@iceberg Vinegar pie in a book called Farmer Takes a Wife. Columns by a farmer in Maine who marries a nice Boston girl, first half of last century or so. She arrives unprepared to be a farm wife, and is expected (by husband's family, not husband himself) to jump right in, with pie every day. She retaliates by making a vinegar pie.
LOVE THIS. I remember, reading Farmer Boy for the fiftieth time, reflecting that Almanzo came from this incredibly lavish Upstate NY lifestyle, and was having his little adventure in the territories, playing around with failed crops and claim shanties, and she'd already been on that ride for her entire childhood, and is ready to have some glass windows already. And he's regaling her with stories about shelves full of pie and having your own stabling at the church. Fuck this shit. Take me back there!
Want to see the Shawl Haul.
@iceberg That. Right there. Because you are carbon-based, and being crushless is like having wings.
Surely we can expect an interview with this subject. Does she have to be endangered?
@MissT123 When my father was born, my grandfather gave my grandmother a diamond ring. When my mother had my brother, grandmother gave it to her. So it should have gone to my brother's wife when she had her male firstborn. But my mother said, more or less, "My mother-in-law was a bitch, so to hell with her cozy tradition," and I got the ring.
When it's contemptible is when it's, "If he doesn't give me a nice piece of jewelry when the baby's born, I will fucking kill him."

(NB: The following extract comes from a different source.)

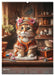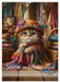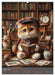 April: Ein künstlerisches Kätzchen in einer Bibliothek beim lesen eines Buches
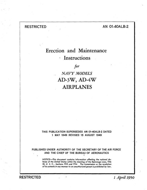 $152.00| /McDonnell Douglas AD-3W, AD-4W 1950 Erection & Maintenance Instructions (01-40ALB-2)

Having experienced a particular person who was really into occult, and did not play fair with those of us who said hooey to the woo (though this person was not my own mother, for christ sake) I immediately think Mom was gaslighting her.
@electromotive force Yeah, shad roe's the kind of thing that stays hidden behind the counter and offered to special customers. So good. Only thing my father cooks. If my child made me shad roe for Mothers Day I'd die of joy.
Shad roe! Where is your mother from?